ETA is the wider idea of buying and running one business, while a search fund is a common way to fund that plan with investors. In a search fund, investors back a searcher in two stages: search capital first, then acquisition capital after a target is found.
How much search capital do people raise in the UK?
In the traditional search fund model described by Buzzacott, search capital often sits around £200k to £500k. It usually covers the searcher’s salary and the costs of finding and checking a target business during the search period, before the bigger acquisition funding is raised.
How long does the search phase usually take?
Buzzacott describes a typical search phase of 1 to 2 years in the traditional model. That time is used to source targets, build owner trust, narrow the shortlist, sign an LOI, and get ready for a faster close once diligence starts.

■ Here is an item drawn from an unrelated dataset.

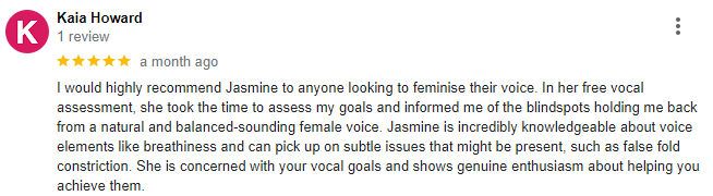 Access a 60min Masterclass 'The 3 Step Framework to Feminise Your Voice'! This will show you the exact structure we use with our clients to give them the greatest odds of success on their vocal journey!

What types of businesses fit ETA best?
The common ETA target is a stable small or medium-sized business with loyal customers and steady cash flows. These firms are often under the radar and may be owned by someone nearing retirement who needs a succession plan, which makes a handover to a new operator realistic.
What does due diligence cover in ETA deals?
Due diligence checks that the business is real in numbers and in day-to-day operations. Buyers normally review financial records, customer and supplier contracts, staff terms, and tax position after an LOI is agreed. Shopify notes detailed financial review often runs 45 to 90 days before completion.
How do ETA deals get financed?
ETA deals often mix equity from investors with debt from lenders, and sometimes seller support like a vendor loan or a retained minority stake. Buzzacott notes lenders in the UK have become more active, which can create competitive debt terms and reduce reliance on seller loans in some deals.
What do investors look for in a search fund pitch?
Investors look for a credible operator and a clear plan. They want target criteria, a sourcing plan, a timeline, and a risk plan for diligence and governance. INSEAD notes supportive investors and a strong board matter, especially for first-time CEOs taking over as owner-operators.
Is ETA growing in the UK?
UK interest has been rising, with advisers and lenders reporting more enquiries and a growing pipeline of work. Business Leader reports strong activity in the South East and increasing traction in major business hubs across the UK, alongside more commercial lending support for these deals.